Служебная деятельность Кнехта была в эту последнюю пору почти так же интенсивна, как когда-то, в трудное время вступления в должность. Ему хотелось оставить в образцовом состоянии все области своих дел. Этой цели он и достиг, хотя не достиг другой, которую заодно тоже преследовал, – показать, что без него можно обойтись или хотя бы что его легко заменить. Ведь с нашими высшими постами дело обстоит почти всегда так: магистр парит этаким драгоценным украшением, этакой блестящей регалией над сложным разнообразием своих функций; он быстро приходит и уходит, легкий, как ласковый дух, произнесет два слова, утвердительно кивнет, жестом намекнет на какое-то поручение, и его уже нет, он уже в другом месте, он играет на своем служебном аппарате, словно музыкант на своем инструменте, кажется, что он палец о палец не ударяет и ему почти не нужно задумываться, а все идет, как должно идти. Но каждый служащий этого аппарата знает, как трудно приходится, если магистр болен или в отъезде, как трудно бывает заменить его хотя бы на несколько часов или на один день! Еще раз обходя дозором маленькое государство vicus lusorum и особенно заботясь о том, чтобы исподволь подвести свою «тень» к ее задаче – заменить его вскоре по-настоящему, – он одновременно отмечал, как уже оторвалась и отдалилась его душа от всего этого, как перестала его пленять и радовать вся прелесть этого хорошо продуманного мирка. Он смотрел на Вальдцель и на свое магистерство уже почти как на что-то оставшееся позади, на поприще, которое он прошел, которое многому его научило и многое дало ему, но уже не рождало в нем новых сил и не звало его больше к новым делам. И во время этого медленного разрыва и прощания ему становилось все яснее, что истинная причина его отчуждения и желания уйти – это вовсе не сознание грозящих Касталии опасностей и не тревога за ее будущее, а просто какая-то оставшаяся пустой и незанятой часть его самого, его сердца, его души, часть, которая теперь предъявила свои права и хотела осуществиться.

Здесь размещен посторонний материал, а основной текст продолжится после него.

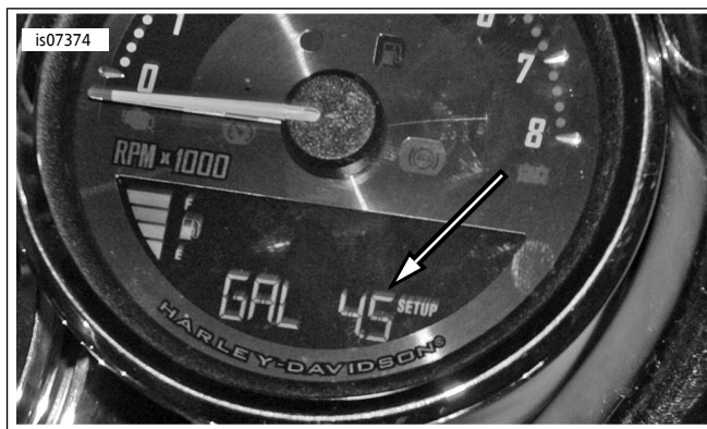
图6. 选择燃油箱尺寸(仅限运动者车型)

Он еще раз тщательно изучил тогда устав Ордена и увидел, что его уход из Провинции, в сущности, не такое трудное, почти невозможное дело, как представлялось ему вначале. Уйти со своего поста по требованию совести он был волен, выйти из Ордена тоже, обет давался не на всю жизнь, хотя члены Ордена очень редко осуществляли это право, а члены высшей администрации ни разу не прибегали к нему. Нет, не из-за строгости закона казался ему этот шаг таким трудным, а из-за самого духа иерархии, из-за преданности и верности братству в его, Кнехта, собственном сердце. Слов нет, он не собирался улизнуть тайком, он готовил, чтобы обрести свободу, обстоятельное прошение, над которым корпел младенец Тегуляриус. Но он не верил в успех этого прошения. Его станут успокаивать, уговаривать, предложат, возможно, уйти в отпуск для отдыха, поехать в Мариафельс, где недавно умер отец Иаков, или, может быть, в Рим. Но отпустить его не отпустят, в этом он убеждался все сильнее. Отпустить его значило бы пойти вразрез со всеми традициями Ордена. Если бы администрация сделала это, она признала бы, что его желание справедливо, признала бы, что жизнь в Касталии, и даже на таком высоком посту, может иногда не удовлетворять человека, означать для него неволю и плен.